As part of Ad Net Zero’s five-part action plan, Action 3 focuses on reducing emissions from media planning and buying. We speak to June Cheung, Head of JAPAC at measurement data business Scope3, a partner and supporter of Ad Net Zero, about how media buyers, sellers, and planners can reduce their emissions.

Within Action 3, every media agency will be motivated to prioritise the environmental impact of carbon emissions when making decisions regarding media planning and purchasing.

To assist with this, Ad Net Zero has a goal to implement a simplified measurement method that aids advertisers and their media consultants in scheduling campaigns while considering their carbon footprint. This initiative also strives to enable media agencies to provide clients with emissions data attached to media schedules.

Scope3 is a for public benefit company established to help organisations make carbon-aware business decisions, with a dataset that delivers an accurate, comprehensive, and independent emissions model for every company in the digital ecosystem.

As a supporter of Ad Net Zero, Scope3 is on a mission to educate the industry about the size of the problem, provide the data to help the industry measure its carbon footprint – as well as offering fast, easy and effective decarbonisation solutions.

Scope3 Co-Founder and CEO Brian O’Kelley, who many credit as a founding father of programmatic advertising, recognised that the high level of carbon emissions in the media supply chain could be significantly reduced if media wastage was removed.
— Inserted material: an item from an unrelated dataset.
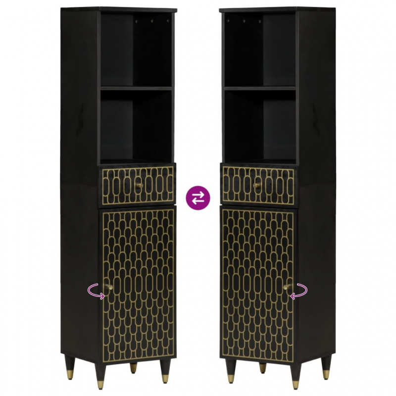 Dieser Badschrank ist eine ausgezeichnete Wahl, um für Ordnung in deinem Badezimmer zu sorgen! Mango-Massivholz: Massives Mangoholz ist ein robustes, tropisches Hartholz, aus dem sich robuste Möbel herstellen lassen. Die optisch ansprechende Holzmaserung macht jedes Möbelstück zu einem Unikat. Der Badschrank ist aus massivem Mangoholz gefertigt und daher langlebig und stabil.Reichlich Stauraum: Der Badezimmerschrank bietet reichlich Stauraum, um wichtige Sachen ordentlich und griffbereit aufzubewahren.Flexible Tür: Du kannst die Tür je nach Bedarf auf der linken oder rechten Seite montieren.Starke Beine: Die Eisenbeine verleihen dem Badschrank zusätzliche Robustheit und Stabilität.Retro-Stil: Mit einem handgeschnitzten Blumenmuster versehen, bringt dieser Beistellschrank den Luxus des Retro-Stils in dein Interieur und wird überall ein echter Hingucker sein. Gut zu wissen:Jedes Stück ist ein Unikat, das in Farbe und Maserung variiert. Die Lieferung erfolgt in zufälliger Reihenfolge, wodurch die Exklusivität und Individualität deines Produkts gewährleistet wird. Achtung:Um ein Umkippen zu vermeiden, sollte dieses Produkt mit der mitgelieferten Wandhalterung gesichert werden.

He and the Scope3 team are using his deep knowledge of the systems used today to drive efficiencies and reduce digital advertising’s carbon footprint. 

June says, “Programmatic was [traditionally]all about automation, allowing multiple bids to be placed to drive the highest yield, but now when we look at this system with a carbon lens, we also see unnecessary duplication of calls to ad tech vendors, energy and carbon emissions that could be saved. 

June Cheung.

“We published a report recently that showed that if you look at the emissions from display advertising and video ads in the digital ecosystem [of the top 30 countries globally with the highest volume of impressions], it’s about 7.2 million metric tonnes per year, equivalent to the electricity usage of 1.4 million households.”

When it comes to sustainability in media, one of the major challenges is knowing where to start, which includes understanding the size of the problem and the carbon associated with media activity.

With many brands having sustainability goals, media and advertising is one of the categories under the Greenhouse Gas Protocol that they will need to reduce in order to meet their net  zero commitments, and it is one of the easier ones to reduce, June says. But as with all reduction, measurement must come first.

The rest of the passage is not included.